::: DATASET EXTRACT
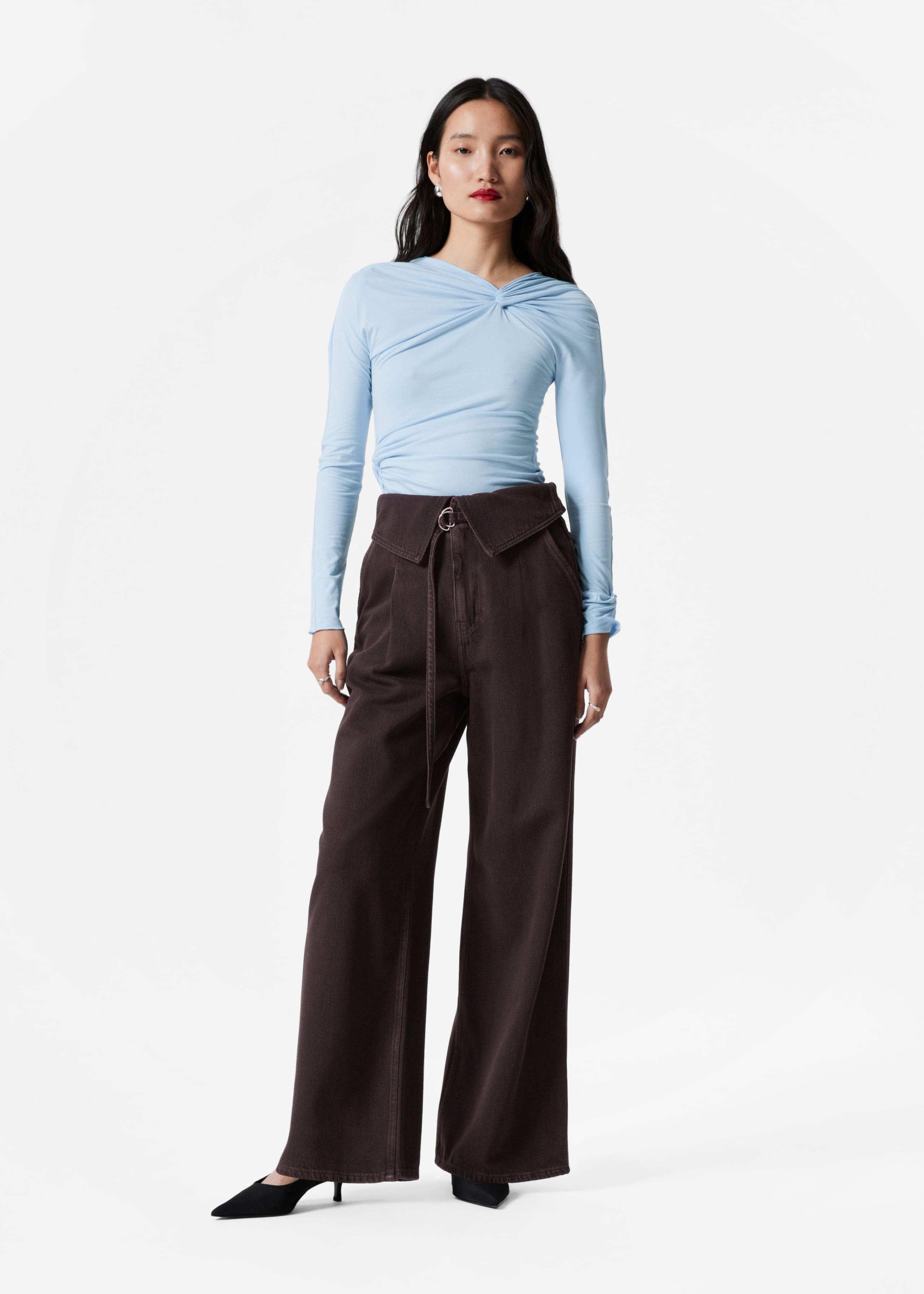 Top mit einem gedrehten Knoten und einer Raffung am Ausschnitt. Aus dehnbarem Jersey mit einer hautengen Passform.
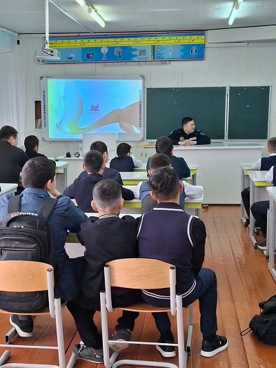В формате единых уроков по безопасности районный инспектор села Байтуган Омаров Ш. Ж. выступил перед учениками 1–11 классов.
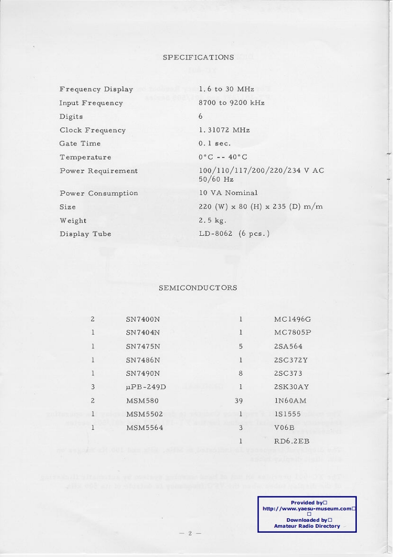 八重洲Yaesu_YC-601_user操作说明书手册找手册网32天前发布关注私信5.62MB16页023八重洲Yaesu_YC-601_user操作说明书手册此内容为付费资源,请付费后查看¥19¥21黄金会员免费钻石会员免费登录购买付费资源 第1页 / 共16页 第2页 / 共16页 第3页 / 共16页 第4页 / 共16页 第5页 / 共16页 试读已结束,还剩11页,您可下载完整版后进行离线阅读 THE END八重洲 文本预览 INSTRUCTIONMANUALYc-601DIGITAL DISPLAY UNITProvided by▣http://www.yaesu-museum.comDownloaded byl▣Amateur Radio DirectoryYAESU MUSEN CO.,LTD.TOKYO JAPAN. 查看更多 收起部分 喜欢就支持一下吧收藏
::::::
Pictures aside, write out verbatim every line from the first line of the material through the line holding "В формате единых".

 Top mit einem gedrehten Knoten und einer Raffung am Ausschnitt. Aus dehnbarem Jersey mit einer hautengen Passform.
В формате единых уроков по безопасности районный инспектор села Байтуган Омаров Ш. Ж. выступил перед учениками 1–11 классов.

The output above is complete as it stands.